— Жарко, — сказал он, чтобы она оставила его в покое, и еще, хоть и очень не хотелось разговаривать, добавил: — И, кроме того, я пишу рассказ. Видишь, бумага заправлена.
Она взглянула на чистый лист бумаги, торчащий из каретки пишущей машинки, хмыкнула:
— Вставай, — сказала она, — встань, прими душ и оденься. А что касается жары, она давно спала.
"А что касается рассказа, то и говорить об этом не стоит", — закончил он мысленно за нее.
Он понял, что она не уймется, на сегодня все. Нехотя поднялся с пола, зашел в ванную, постоял под холодным душем, смывшим с него краешки мыслей и обрывки намечающихся сюжетных линий неродившегося рассказа. Впрочем, он теперь почти не жалел об этом. Все было слишком обычным. Почти каждый день что-то умирало в нем, не родившись.
До ее прихода он писал рассказ о человеке, который ходил ночами по пляжу и смотрел на звезды, крупные, как апельсин.
— Потом напишешь, — сказала она.
Сентябрь
Он перевернулся на спину, тихонько застонал, проснулся и вспомнил, что сегодня воскресенье. Раскрыл глаза. Обрывки неспокойного, всю ночь повторяющегося сна еще тревожили и мучили, как легкая изжога, еще продолжались, хотя он ясно видел тусклое солнечное пятно на стене, и постепенно утренние, будничные мысли просачивались одна за другой на уплывающий краешек сна. Он полежал некоторое время с открытыми лазами, потом лениво поднялся и сел в постели, касаясь пятками холодного паркета.
У него был выпирающий вперед подбородок, тонкие губы, большие глаза, длинные волосы, прикрывавшие маленькие уродливые уши, но в отличие от писателей, в зависимости от черт лица предполагающих характер своего героя, я не стану этого делать, потому что зачастую подобное определение бывает неверным, ну, то есть в данном случае выдающийся подбородок может и не быть признаком сильно развитой воли, уродливые уши — не всегда говорят о таланте, узкие губы вполне могут, иметь и люди не злые, а сердитый, недовольный взгляд оттого, видимо, что этот парень, который только проснулся и сидит в постели, свесив ноги на пол, вчера здорово нагрузился, набрякался, назюзюкался, и теперь у него трещит голова и пересохло во рту.
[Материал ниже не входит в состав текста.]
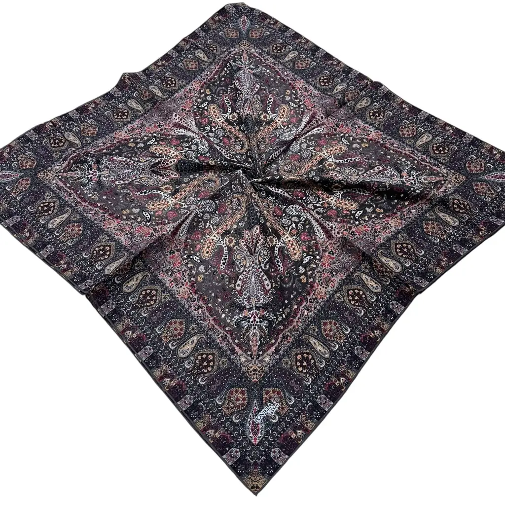 Dijital baskı teknolojisi ile üretilen bu özel eşarp modeli, canlı renklerini uzun süre korur ve her kullanımda ilk günkü şıklığını yansıtır. El dikişi detayları ise ürüne ekstra kalite ve zarafet katmaktadır.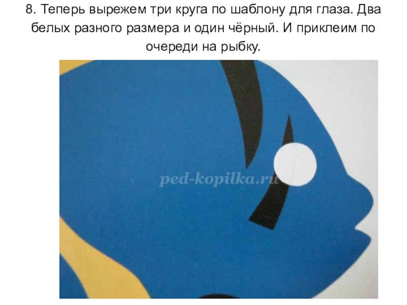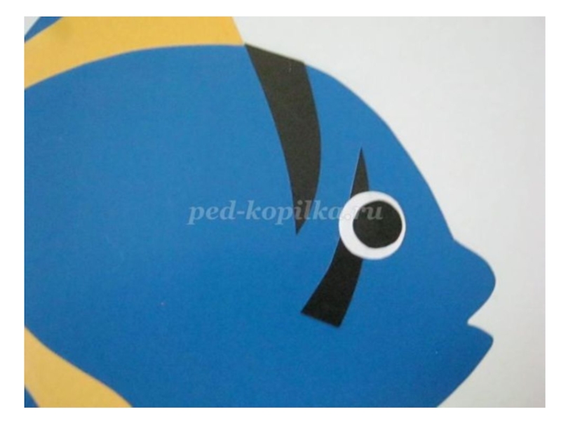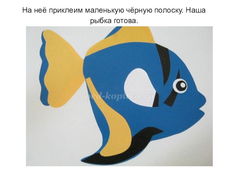 Слайд 17На неё приклеим маленькую чёрную полоску. Наша рыбка готова.
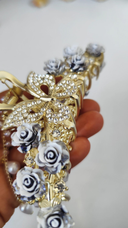 کلیپس مجلسی نگین کاری طرح گل و پروانه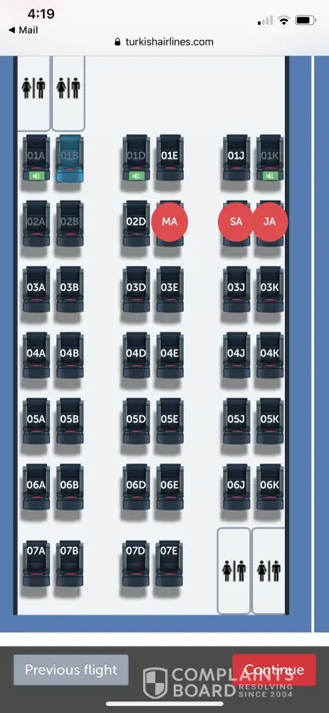 I am also attaching the current booking of the seats. You can see that they put my son alone while I originally put him between his father and I.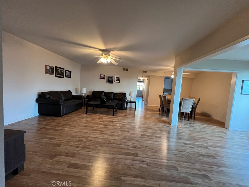Wonderful ground floor condominium in the Huntington Landmark community. This spacious 2 bedroom, 2 bath home includes a detached, single car garage and plenty of parking for both residents and their guests. This model features an enclosed atrium with laundry closet (for full sized washer and dryer), laminate flooring, and spacious living areas. The community offers many amenities, including gated and guarded entry, tennis and pickleball courts, heated pools, gym and weight room, library, and a range of activities for the residents.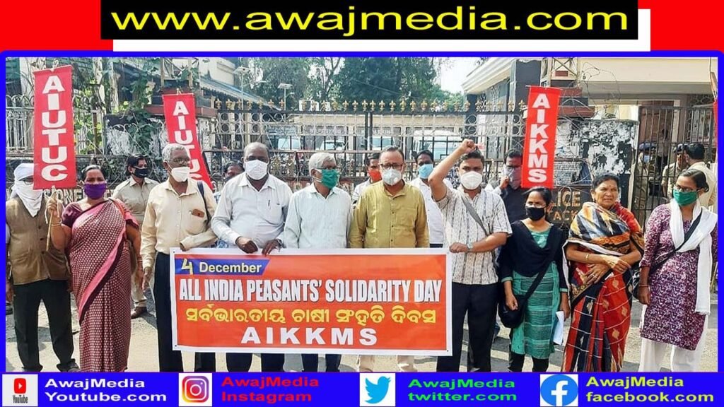 କଟକ ( ଆୱାଜ ମିଡ଼ିଆ ) – ଦିଲ୍ଲୀପ ପତି : କେନ୍ଦ୍ରରେ କ୍ଷମତାସୀନ ବିଜେପି ସରକାର ଚାଷୀମାନଙ୍କର ସର୍ବନାଶ ପାଇଁ ଆଣିଥିବା କଳା କୃଷି ଆଇନ୍ ଯଥା ଚୁକ୍ତି ଚାଷ ଆଇନ୍‌, ୧୯୫୫ ମସିହା ଅତ୍ୟାଆବଶ୍ୟକ ସାମଗ୍ରୀ ଆଇନ୍‌ର ସଂଶୋଧନ, ଘରୋଇ ମଣ୍ଡି ଆଇନ୍ ଓ ବିଦ୍ୟୁତ ଆଇନ୍ ୨୦୨୦ ବାତିଲ ବାଦିରେ ଆନ୍ଦୋଳନ କରିବା ପାଇଁ  ଦେଶର ଲକ୍ଷ ଲକ୍ଷ କୃଷକ ଏବଂ କୃଷି ଶ୍ରମିକମାନେ ଦିଲ୍ଲୀ ଅଭିମୁଖେ ଆଗେଇ ଚାଲିଥିଲର । ମାତ୍ର  ଆନ୍ଦୋଳନକାରୀଙ୍କୁ ଦିଲ୍ଲୀ ମଧ୍ୟକୁ ପ୍ରବେଶ କରାନଦେବା ଉଦ୍ଦେଶ୍ୟରେ ସରକାର ସେମାନଙ୍କୁ ଦିଲ୍ଲୀ ସୀମାରେ ଅଟକାଇ ୧୪୪ ଧାରା ଜାରି କରିବା, ହଜାର ହଜାର ଚାଷୀ ଓ ନେତାମାନଙ୍କୁ ଜବରଦସ୍ତ ଅଟକ ରଖିବା ସହ ପ୍ରଚଣ୍ଡ ଶୀତରେ ସେମାନଙ୍କ ଉପରେ ପାଣିମାଡ଼ କଲେ, ଲୁହବୁହା ଗ୍ୟାସ୍‍ ଛାଡ଼ିଲେ । ଏହି ସବୁ ବର୍ବରତାକୁ ଦୃଢ଼ତାର ସହ ସାମ୍ନା କରି ଲକ୍ଷ ଲକ୍ଷ ଚାଷୀ ରାଜରାସ୍ତାରେ ବସି ରହିଛନ୍ତି । ଏହି ଆନ୍ଦୋଳନକୁ ସଂହତି ଜଣାଇ ତଥା କଳା କୃଷି ଆଇନ୍ ବାତିଲ ଦାବିରେ ଶ୍ରମିକ ସଂଗଠନ ଏ.ଆଇ.ୟୁ.ଟି.ୟୁ.ସି.ଓ କୃଷକ ସଂଗଠନ ଏ.ଆଇ.କେ.କେ.ଏମ୍‌.ଏସ୍ ପକ୍ଷରୁ ଆଜି କଟକ ଜିଲ୍ଲାପାଳ ଅଫିସ ସମ୍ମୁଖରେ ବିକ୍ଷୋଭ ପ୍ରଦର୍ଶନ କରାଯାଇ ପ୍ରଧାନ ମନ୍ତ୍ରୀଙ୍କ ଉଦ୍ଦେଶ୍ୟରେ ଦାବି ପତ୍ର ପ୍ରଦାନ କରାଯାଇଛି ।  ବିକ୍ଷୋଭ ସଭାରେ ଏସ୍‌.ୟୁ.ସି,ଆଇ(ସି) କଟକ ଜିଲ୍ଲା ସଂପାଦକ ବିଶ୍ୱାବସୁ ଦାସ, ଏ.ଆଇ.ୟୁ.ଟି.ୟୁ.ସି କଟକ ଜିଲ୍ଲା ସଂପାଦକ  ରାଜକିଶୋର ମଲ୍ଲିକ, ଶ୍ରମିକ ନେତା ଖଗେଶ୍ୱର ସେଠୀ, ଚାଷୀ ନେତା ବସନ୍ତ ନାୟକ, ଏସ୍‌.ୟୁ.ସି,ଆଇ(ସି) କଟକ ଜିଲ୍ଲା କମିଟି ସଭ୍ୟ ସିଦ୍ଧାର୍ଥ ରଥ, ଶ୍ରମିକ ରେତା ଦିପକ ଦାସ, ସସ୍ମିତା ମହାନ୍ତି, ଶୋଭା ଦେହୁରୀ, ପାଭେଲ ପ୍ରିୟଦର୍ଶନ ଓ ସ୍ୱାଧୀନୀ ବେହେରା ପ୍ରମୁଖ ଯୋଗ ଦେଇ କେନ୍ଦ୍ର ସରକାରଙ୍କ ର ଏହି ଚକ୍ରାନ୍ତକାରୀ କୃଷି ମାରଣ ନୀତିକୁ ତୀବ୍ର ନିନ୍ଦା କରଥିଲେ।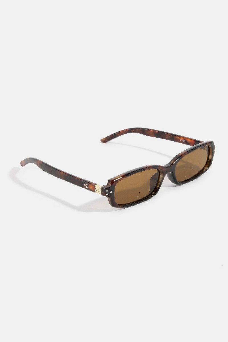 • This set of sunglasses displays a fashionable slim narrow rectangle triple dot detail sunglasses style. Elevate your ensemble with this set of sunglasses that effortlessly captures the essence of refined fashion.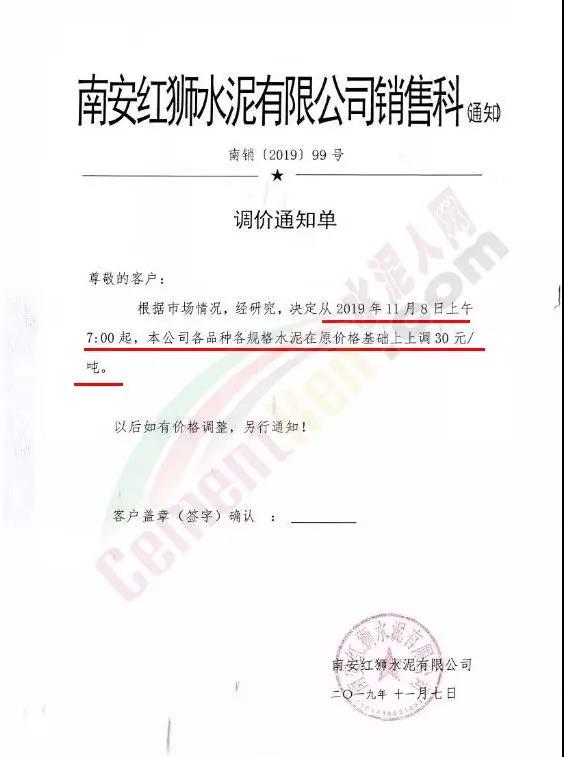 根據(jù)市場情況,經研究,決定從2019年11月8日零時起,本公司發(fā)往福建省內各品種各規(guī)格型號水泥在原價格基礎上上調30元/噸。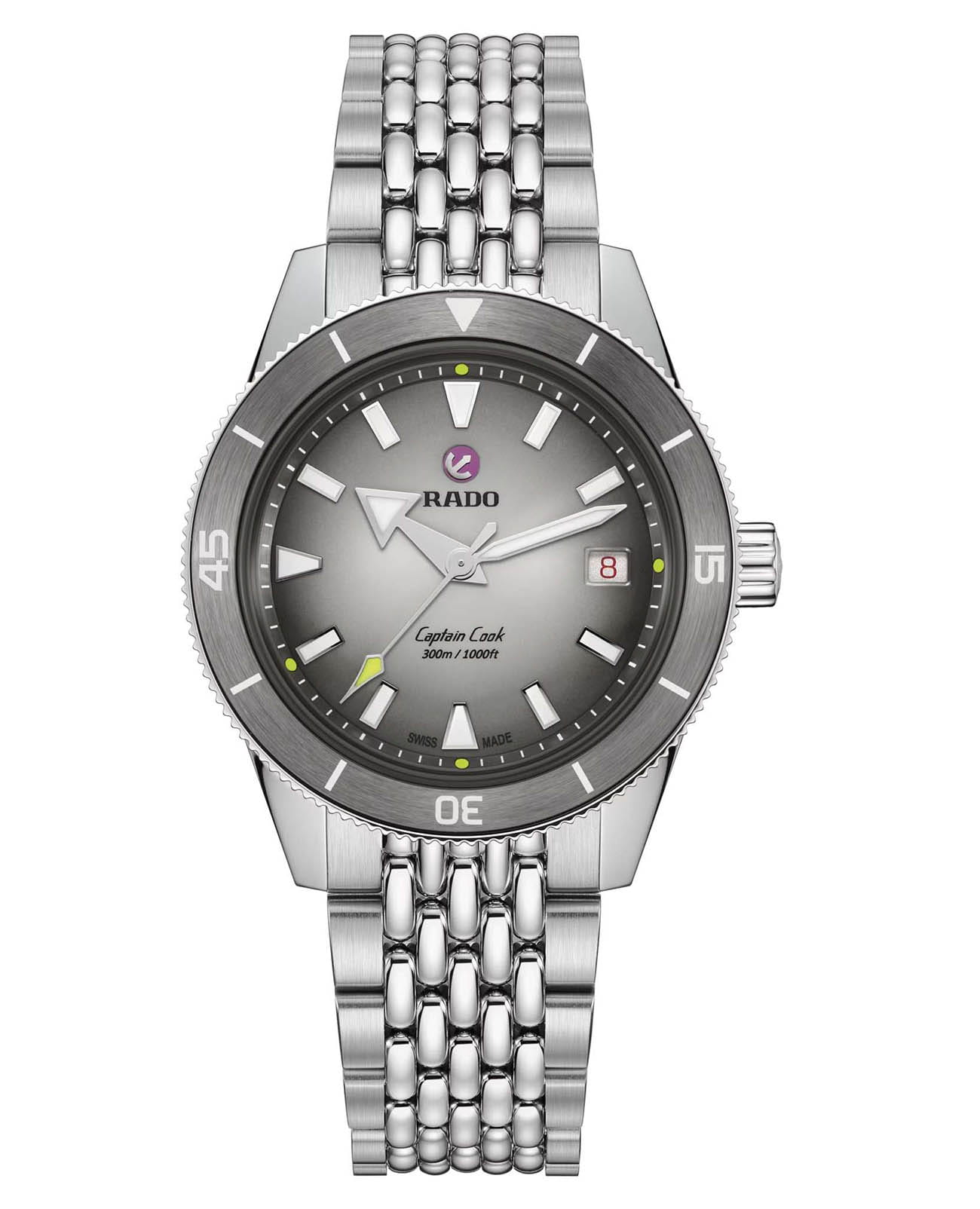 Мужские механические часы с автоподзаводом Rado Captain Cook X Tennis Limited Edition — это дань уважения 40-летнему партнерству бренда с теннисом. Лимитированная серия из 1985 экземпляров отсылает к первой спонсорской поддержке Rado на Swiss Open в Гштааде в 1985 году. Корпус диаметром 39 мм и толщиной 12 мм выполнен из полированной нержавеющей стали. БезельБезельВнешний ободок, закрепляющий стекло. В спортивных часах так называется поворотное кольцо с делениями на циферблате, выполняет роль таймера – замеряет отрезки времени на шкале. Неподвижный безель – элемент декора. Однонаправленно вращающийся безель на дайверских часах позволяет фиксировать моменты погружения и выныривания на поверхность. — вращающийся, стальной, с инкрустированным кольцом из высокотехнологичной плазменной керамикиВысокотехнологичная плазменная керамикаИнновационный материал, технология запатентована. Выплавление керамики осуществляется в печи при 20 000 °C, белоснежный материал под воздействием ультравысокой температуры приобретает уникальный блеск, присущий металлам., на котором нанесены метки, цифры и треугольник с белым люминесцентным покрытиемЛюминесцентное покрытиеПозволяет считывать показания времени в темноте. Производители наносят на стрелки, часовые индексы, безель или поверхность циферблата светонакопительный состав, дающий холодное свечение. Super-Luminova®. Циферблат серого цвета с градиентом от тёмного к светлому оформлен накладными индексами цвета родия и стрелками с люминесцентным покрытиемЛюминесцентное покрытиеПозволяет считывать показания времени в темноте. Производители наносят на стрелки, часовые индексы, безель или поверхность циферблата светонакопительный состав, дающий холодное свечение. Super-Luminova®. На ободе — жёлтые люминесцентные точки в положениях 3, 6, 8 и 12 часов, символизирующие счёт в теннисе (15, 30, 40, гейм). Секундная стрелка с тёмно-жёлтым покрытием Super-Luminova®. Циферблат защищён сапфировым стекломСапфировое стеклоПрочный и надёжный материал из кристалла сапфира синтетического происхождения, характеризующийся особой твёрдостью и устойчивостью к царапинам и повреждениям. с антибликовым покрытиемАнтибликовое покрытиеСлой оксида металла в 0,13-0,3 микрон, благодаря которому стекло часов не бликует и не отражает свет. Антибликовое покрытие уменьшает отражение света в 10 раз, обеспечивая отличную читаемость показателей циферблата. с обеих сторон. Механизм — автоматический калибр R763 с антимагнитной пружиной Nivachron™Nivachron™Специально разработанный инновационный сплав Nivachron™ повышает устойчивость часов к воздействию магнитных полей., отрегулированный в пяти положениях, с запасом хода 80 часов. Окошко даты расположено в положении 3 часов. Часы оснащены стальным браслетом «рисовый узор» с трёхсекционной застёжкой и системой быстрой смены EasyClip. В комплекте — три текстильных ремешка в стиле NATO (синий, зелёный, оранжевый) с пряжками из нержавеющей стали. Водонепроницаемость 300 м позволяет использовать часы для профессионального плавания и дайвинга. Гарантия — 2 года. Идеальный выбор для ценителей спортивного стиля, точности и эксклюзивности.

В подтверждение своих слов могу сказать что я, например, хорошо знаю руководителя одного солидного учреждения, у которого вовсе нет подбородка, то есть подбородок-то у него, конечно, есть, но до того незначительный и сплюснутый, что вроде бы и нет его, но несмотря на такой изъян он весьма активно проявляет волю и держит в ежовых рукавицах все учреждение, в котором работают и люди с выдающимися подбородками — этим признаком сильной воли.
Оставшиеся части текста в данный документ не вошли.